**ACTIVITY**.
The output must consist only of the lines from the one with "Bony Костлявые Lank, lanky" through the end of the listing, restated exactly and free of pictures.

**GIVEN MATERIAL**.
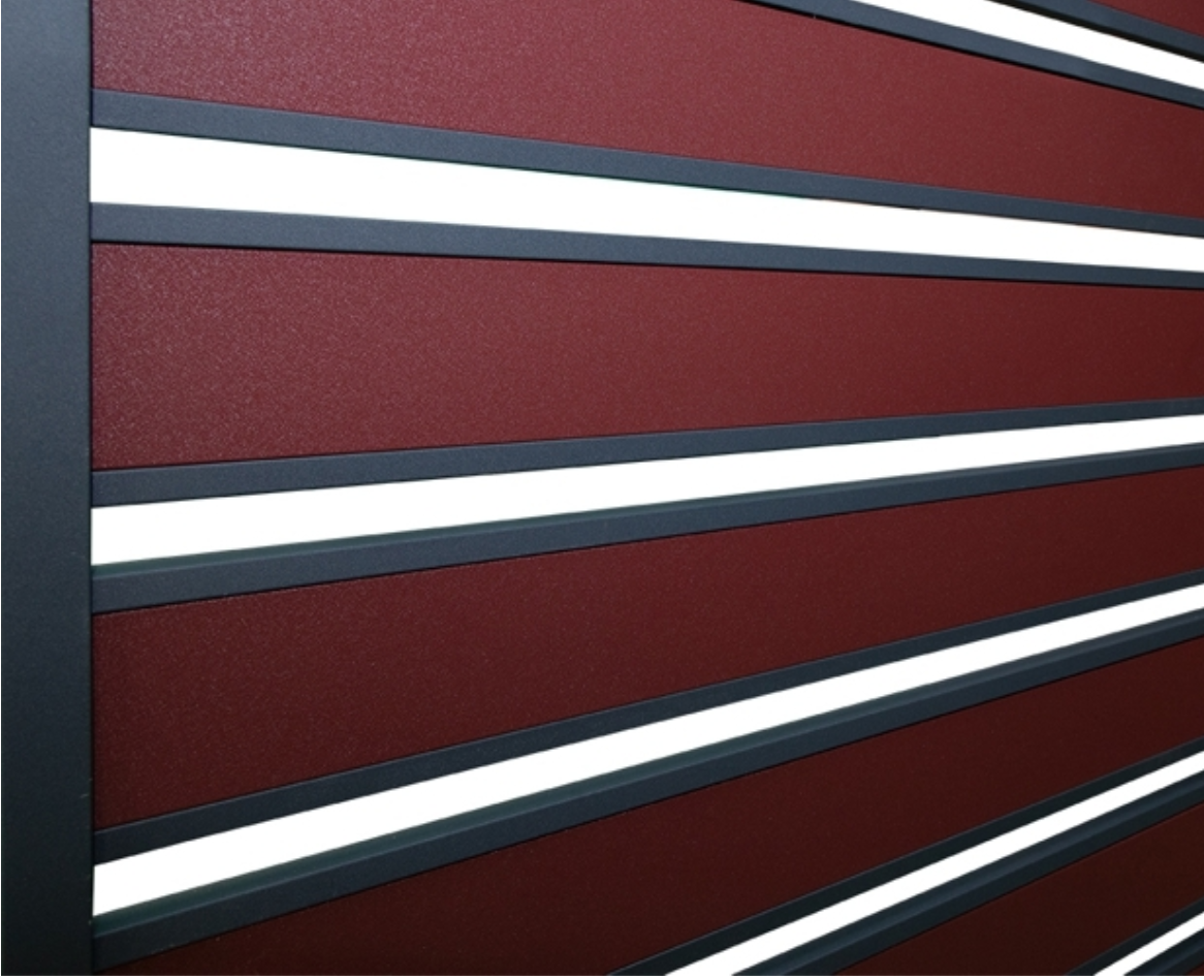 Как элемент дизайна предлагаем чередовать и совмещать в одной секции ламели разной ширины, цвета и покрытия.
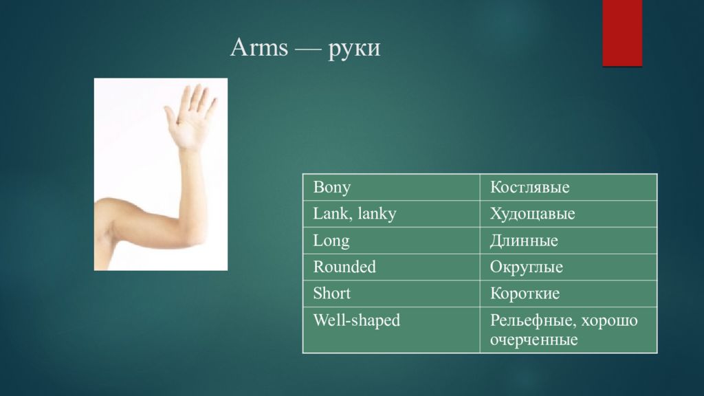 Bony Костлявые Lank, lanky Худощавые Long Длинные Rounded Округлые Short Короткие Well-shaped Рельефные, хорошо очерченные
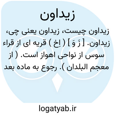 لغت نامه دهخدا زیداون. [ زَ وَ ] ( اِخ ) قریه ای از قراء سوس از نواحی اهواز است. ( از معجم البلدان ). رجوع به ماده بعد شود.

**OUTPUT FOR THIS TASK**.
 Bony Костлявые Lank, lanky Худощавые Long Длинные Rounded Округлые Short Короткие Well-shaped Рельефные, хорошо очерченные
 لغت نامه دهخدا زیداون. [ زَ وَ ] ( اِخ ) قریه ای از قراء سوس از نواحی اهواز است. ( از معجم البلدان ). رجوع به ماده بعد شود.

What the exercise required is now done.